When sophomore fashion merchandising major Kennedi Stinnette walked the halls of her high school in Kalamazoo, Michigan, she saw a sea of hair that looked nothing like hers.

“I went to a predominantly white school,” Stinnette said. “So, I was looking at my friends, and they would all be able to wear their hair down and straight. I was like, ‘Why doesn’t mine look like that?’ I think that's where I really struggled.”

 If you are not a part of the Black community, you may not understand how a lack of representation affects Black women. An exhibition that opened Sept. 10 at the Kent State Museum is meant to introduce a larger audience to issues such as the way many Black women, starting in their youth, are persuaded to straighten or chemically relax their hair. This pressure comes from several sources: society, employers or even their mothers.

When Stinnette was young, her mother always had straight hair, but over five years ago she decided to wear her hair natural. Seeing her mom embrace natural hair gave Stinnette the encouragement she needed to start her own natural hair journey. 

“It took me a long time to learn to love it,” Stinnette said. “Now that I've learned to style it, I've really gained a new appreciation for my hair.”

Freshman mathematics major Saunti Tolliver has found a source of empowerment in the history her hair carries.
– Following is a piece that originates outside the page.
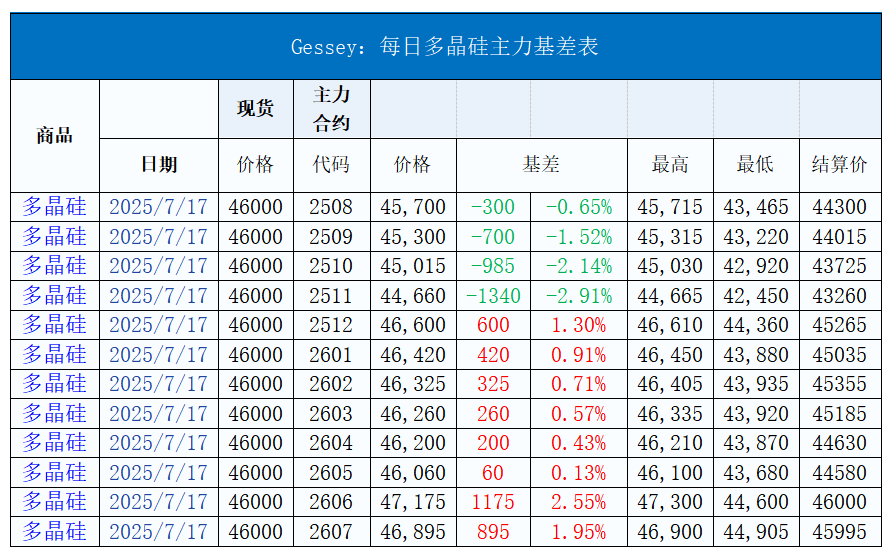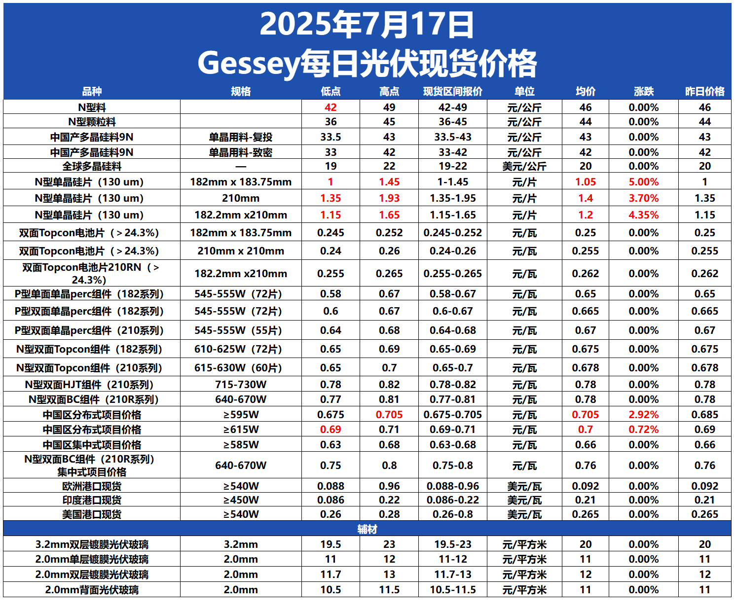 現貨市場價格變動: 多晶硅: 今日硅料價格整體維穩,N型料主流價格在42-49元/公斤,均價46元/公斤。N型顆粒硅主流價格在36-45元/公斤,均價44元/公斤。國產復投特級硅料主流價格在33.5-43元/公斤,均價43元/公斤,國產致密特級硅料主流價格在33-42元/公斤,均價42元/公斤。全球多晶硅料主流價格在19-22元/公斤,均價20元/公斤。 硅片: 今日硅片價格小幅上漲,N型-183.75mm單晶硅片主流現貨價格維持1-1.45元/片,均價1.05元/片,上漲5%。N型-210mm單晶硅片主流現貨價格維持1.35-1.93元/片,均價1.4元/片,上漲3.7%。N型-210Rmm單晶硅片主流現貨價格1.15-1.65元/片,均價1.2元/片,上漲4.35%。 電池片: 今日電池片價格整體維穩,24.3%以上183.75mm雙面Topcon電池片主流價格在0.245-0.252元/瓦,均價0.25元/瓦。24.3%以上210mm雙面Topcon電池片主流價格在0.24-0.26元/瓦,均價0.255元/瓦。24.3%以上210Rmm雙面Topcon電池片主流價格在0.255-0.265元/瓦,均價0.262元/瓦。 組件: 今日組件價格小幅上漲,雙面單晶perc組件(182系列)價格在0.6-0.67元/ 瓦,均價為0.665元/瓦。雙面單晶perc組件(210系列)價格在0.64-0.68元/ 瓦,均價為0.67元/瓦。N型雙面Topcon 組件(182系列)價格在0.65-0.69元/ 瓦,均價為0.675元/瓦。N型雙面Topcon 組件(210系列)價格在0.65-0.7元/ 瓦,均價為0.678元/瓦。N型雙面HJT組件(210系列)價格在0.78-0.82元/ 瓦,均價為0.78元/瓦。N型雙面BC組件(210R系列)價格在0.77-0.81元/ 瓦,均價為0.78元/瓦。中國區分布式項目(≥595W)價格在0.675-0.705元/瓦,均價為0.705元/瓦,上漲2.92%,中國區分布式項目(≥6155W)價格在0.69-0.71元/瓦,均價為0.7元/瓦,上漲0.72%,中國區集中式項目(≥585W)價格在0.63-0.68元/ 瓦,均價為0.66元/瓦。N型雙面BC組件(210R系列)集中式項目價格在0.75-0.8元/ 瓦,均價為0.76元/瓦。歐洲港口現貨價格在0.088-0.96美元/ 瓦,均價為0.092美元/瓦。印度港口現貨價格在0.086-0.22美元/ 瓦,均價為0.21美元/瓦。美國港口現貨價格在0.26-0.28美元/ 瓦,均價為0.265美元/瓦。 玻璃: 今日玻璃價格整體維穩,3.2mm雙層鍍膜光伏玻璃價格在19.5-23元/平方米,均價為20元/平方米。2.0mm單層鍍膜光伏玻璃價格在11-12元/平方米,均價為11元/平方米。2.0mm雙層鍍膜光伏玻璃價格在11.7-13元/平方米,均價為12元/平方米。2.0mm背面光伏玻璃價格在10.5-11.5元/平方米,均價為11元/平方米。 聚焦每日行情波動: 近期,在行業政策倡導反內卷以及重點企業開展價格交流的背景下,硅片價格持續上行。昨日,硅片報價進一步上漲,截至今日,今日午間已有訂單以當前均價成交的推進。今日硅片價格小幅上漲,N型-183.75mm單晶硅片主流現貨價格維持1-1.45元/片,均價1.05元/片,上漲5%。N型-210mm單晶硅片主流現貨價格維持1.35-1.93元/片,均價1.4元/片,上漲3.7%。N型-210Rmm單晶硅片主流現貨價格1.15-1.65元/片,均價1.2元/片,上漲4.35%。 今日組件價格小幅上漲,中國區分布式項目(≥595W)價格在0.675-0.705元/瓦,均價為0.705元/瓦,上漲2.92%,中國區分布式項目(≥6155W)價格在0.69-0.71元/瓦,均價為0.7元/瓦,上漲0.72%。截至目前,主流電池片企業尚未報價,但多家組件企業反饋,當前最新的分布式報價基本不低于0.7元/瓦。不過,由于上游近期出現新的價格調整,組件企業在簽單時頗為謹慎。多家企業表示,鑒于最新電池片報價尚未公布,暫且不簽訂新項目訂單,待最新價格更新后再進行洽談簽單。預計明日及下周初,最新組件價格仍有調漲的預期,而受上游材料最新價格影響,電池片明日或許會繼續跟進報漲。 期貨市場 行情走勢:主力合約收盤價為45700元/ 噸,前結算價為42515元/噸,收盤價較前結算價漲幅為7.49% ,收盤價較開盤價漲1800元/噸,漲幅為4.10%,成交量為410795手,持倉量為70964手。 下一篇: 蓋錫咨詢:7月17日光伏行業要聞速覽

As someone with 4C hair, a tightly coiled hair texture, who attended a predominantly white school in Cincinnati, Tolliver struggled to find peers with a similar hair texture.

In the Black community, the owners of hair with tighter, curlier patterns, such as 4C hair, are at times subjected to texturism – the idea that smooth, less coiled hair is more desirable. For Tolliver, seeing prominent Black women such as Serena Williams and Viola Davis helped to combat the bias.

 “In seeing other people in media who have the same hair as I do, I was more accepting of my own hair,” Tolliver said.

Outside the Black community, Black hair is seldom the topic of conversation. “TEXTURES: The History and Art of Black Hair”, the latest exhibition at the Kent State Museum, is meant to engage a larger audience in this dialogue.

As a member of the exhibition team, senior studio art major Anders Ove was able to confront the works up close, which offered exposure to a side of history they were not aware of as a white person.

 “This culture is not one that I have had in the forefront of my life growing up,” Ove said. “I was unaware largely to the extent that hair played a role within culture.”

 The exhibition is split into three sections – Community and Memory, Hair Politics and Black Joy – and most of the pieces are quite different from those of previous fashion-focused exhibitions.

 “It’s interesting to see the real depth of that as something that I was so largely ignorant to,” Ove said. “I think it redefined how I look at fashion, you know, beyond clothing. It’s truly about how you present yourself.”